MK > Systemic change in education. In times of distant learning we gathered proof that the present or future of education is not online. We entered an unexpected phase of forced experimentation with technologies but it is evident that there is no substitute for human interaction. I can see that with the students I work with at AA London, Die Angewandte in Vienna and HKB Bern. I would start with building actual test sites for learning and experimentation.
Q > What makes you angry?
VS > Superficiality, ego trips, misogyny. Patriarchy!
MK > Hypocrisy and violence. Patriarchy is embarrassing.
Q > Which things would you like to include more in your life / and less of?
VS > The current moment is a good one to pose these questions, but I don’t know that I have an appropriate answer. I think we’re all just trying to endure and survive. Time will tell what will remain or blossom in our lives.
MK > I wonder if I travelled so much in the past years not because I actually wanted it, but because it was offered to me. Every week I would take a plane or a train for work. But I actually like being in one place.

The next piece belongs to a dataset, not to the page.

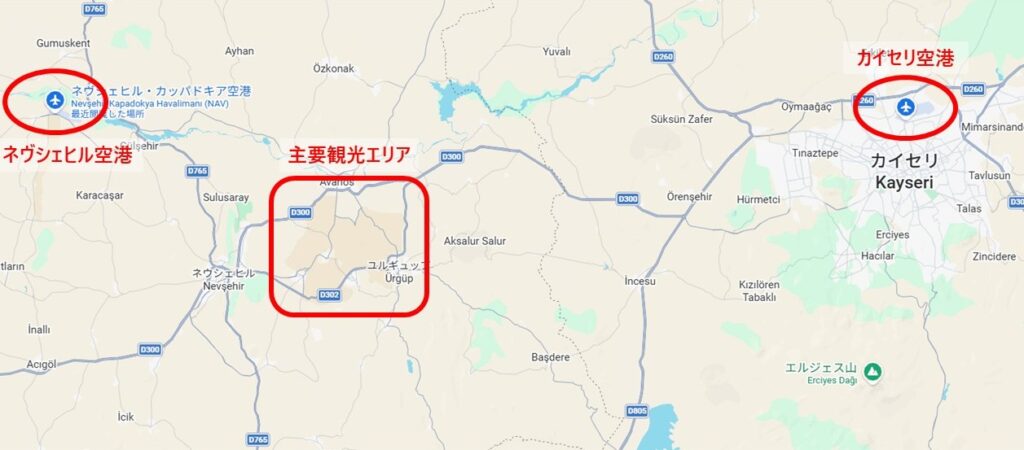 一方でカイセリ空港は、ネヴシェヒル空港と比較してカッパドキアの主要観光エリアまでは離れていますが、便数が多いです。

Vera Sacchetti is a design critic and curator. She serves in a variety of curatorial, research and editorial roles, most recently as one half of the curatorial initiative Foreign Legion and associate curator of the 4th Istanbul Design Biennial – A School of Schools. She is co-curator of TEOK Basel and co-founder of editorial consultancy Superscript. Her writing has appeared in Disegno, Metropolis and The Avery Review, among others.

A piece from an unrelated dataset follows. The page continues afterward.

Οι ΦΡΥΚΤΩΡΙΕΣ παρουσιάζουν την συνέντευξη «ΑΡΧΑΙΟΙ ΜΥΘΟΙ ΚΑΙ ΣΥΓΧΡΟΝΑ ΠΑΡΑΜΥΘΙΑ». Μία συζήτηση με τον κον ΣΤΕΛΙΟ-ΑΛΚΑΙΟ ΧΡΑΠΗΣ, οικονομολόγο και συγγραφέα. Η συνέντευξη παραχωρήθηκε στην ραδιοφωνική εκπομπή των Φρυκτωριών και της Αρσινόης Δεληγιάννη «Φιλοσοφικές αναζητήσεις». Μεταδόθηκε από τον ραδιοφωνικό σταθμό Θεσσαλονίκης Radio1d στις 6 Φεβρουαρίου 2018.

Matylda Krzykowski is a designer, curator and artist focusing on collaborative and performative projects in physical and digital space and the development of experimental formats such as ‘Desktop Exhibition’, ‘Superprojekt’ and ‘Design Date’. She is a founding member of Depot Basel, place for contemporary design, Switzerland, and is a former participant of the Jan van Eyck Academy. Her work has been internationally presented and she has given lectures and workshops worldwide.